Centers associated ICMM
Chromosomal instability is an underlying cause of several age-related disorders, including cancer and neurodegenerative diseases. Changes in chromosome number and structure can be triggered not only by DNA damaging agents, but also by intrinsically unstable regions of the human genome itself - which we term the ‘enemies within’ the genome.
The overarching goal of the CCS is to functionally annotate these ‘enemies within’, and determine how they contribute to tissue ageing, limit cell immortality and trigger pathological conditions.
The Center for Gene Expression studies the multiple aspects of gene expression in an integrated manner by bringing together laboratories that span the range of subjects encompassing the process.
Gene expression is the highly conserved pathway used to selectively decipher the coded messages in our DNA. It is essential for making and sustaining cells capable of responding to differentiation cues, stimuli, and insults. Decoding of our DNA occurs via two distinct processes, transcription and translation. The RNA transcripts are initially made as pre-mRNAs which are then processed further, such as by the removal of untranslatable regions of RNA by ‘splicing’. The final product, mRNA, encodes information not only for the synthesis of proteins, but also for regulation. Despite decades of research into gene expression, our understanding of the proofreading processes and feedback loops ensuring that the ‘translation of our DNA’ is coordinated and precise, remains poorly understood. In short, a holistic view of the process is lacking.
The Center comprises a wide range of expertise and skills within its research programs spanning disease systems biology, proteomics, high throughput protein production and characterisation, chemical biology, disease biology, and protein therapeutics.
The centre contributes to the progress of translational research within medicine and provides fundamental insights which can be used to promote drug discovery and development.
More detailed descriptions of the research conducted at Novo Nordisk Foundation Center for Protein Research see the
Center for Protein Research (CPR) - homepage
Previous Centers
The research in Center for Healthy Aging focuses on how more people can get a healthy life and a healthy aging. The research is interdisciplinary and looks at aging and aging processes from cells to society.

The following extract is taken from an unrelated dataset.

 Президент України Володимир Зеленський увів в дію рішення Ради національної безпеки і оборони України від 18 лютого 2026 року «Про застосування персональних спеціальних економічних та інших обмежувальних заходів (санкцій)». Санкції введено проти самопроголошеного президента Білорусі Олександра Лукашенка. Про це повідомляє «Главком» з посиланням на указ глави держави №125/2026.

The research will provide knowledge which can form the basis for new approaches to prevention and health promotion for the benefit of the individual, family and community health economics.
The focus of research in the group affiliated to ICMM is Basic research into cells and genes. It is important for understanding how we decline throughout life and become more liable to disease. Having this knowledge means, we might be able to postpone the point in life at which illnesses associated with old age typically occur, and thus give many people more years of high quality life.

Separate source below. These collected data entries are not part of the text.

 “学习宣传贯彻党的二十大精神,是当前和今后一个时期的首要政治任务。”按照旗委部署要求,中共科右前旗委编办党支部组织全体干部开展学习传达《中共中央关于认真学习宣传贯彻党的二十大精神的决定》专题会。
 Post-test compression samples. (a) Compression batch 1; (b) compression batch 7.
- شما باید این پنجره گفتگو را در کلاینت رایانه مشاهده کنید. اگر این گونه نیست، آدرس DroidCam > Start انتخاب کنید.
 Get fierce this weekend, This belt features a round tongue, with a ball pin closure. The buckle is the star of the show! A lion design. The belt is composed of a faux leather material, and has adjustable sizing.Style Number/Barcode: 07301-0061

Center for Healthy Aging (CEHA) existed from 2009-2024.
In response to the critical and increasing worldwide threat to human health posed by emergence of bacterial resistance to currently used antibiotics, it is the vision to establish a knowledge and technology platform for discovery of novel antibiotics against multi-resistant Gram-negative bacteria that is able to keep pace with continuing resistance development.

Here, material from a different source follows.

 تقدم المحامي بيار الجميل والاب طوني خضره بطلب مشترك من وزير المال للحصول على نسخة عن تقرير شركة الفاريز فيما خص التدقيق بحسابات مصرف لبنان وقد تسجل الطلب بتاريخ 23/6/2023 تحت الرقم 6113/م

The strategy focuses on peptide-based antibiotics by exploiting unleashed advantages of peptides that interact with the bacterial envelope and by elucidating their mechanism of action. In particular, an antisense antibacterial approach as well as discovery of peptide-based adjuvant antibiotics and novel peptide carriers for efficient bacterial delivery is pursued.
Center for Peptide-Based Antibiotics (Cepan) existed from 2017-2024.
The glycome is considered the third language of life after the genome and the proteome. It comprises the myriad of sugars, also known as the complex carbohydrates, which cover the surface of our proteins and cells.
At Copenhagen Center for Glycomics, researchers strive to understand how changes in the glycome can cause or predict disease. Precise gene editing technologies such as CRISPR/CAS9 are applied to regulate the expression of genes, which encode glycome-producing enzymes, and an array of advanced technologies including mass spectrometry are used to characterize the phenotype of the genetically modified cells. This strategy has been successful in discovering new types and functions of glycosylation in health and disease, and has led to visions of custom-designed cell factories for production of recombinant glycoprotein therapeutics.
Copenhagen Center for Glycomics (CCG) existed from 2008-2022.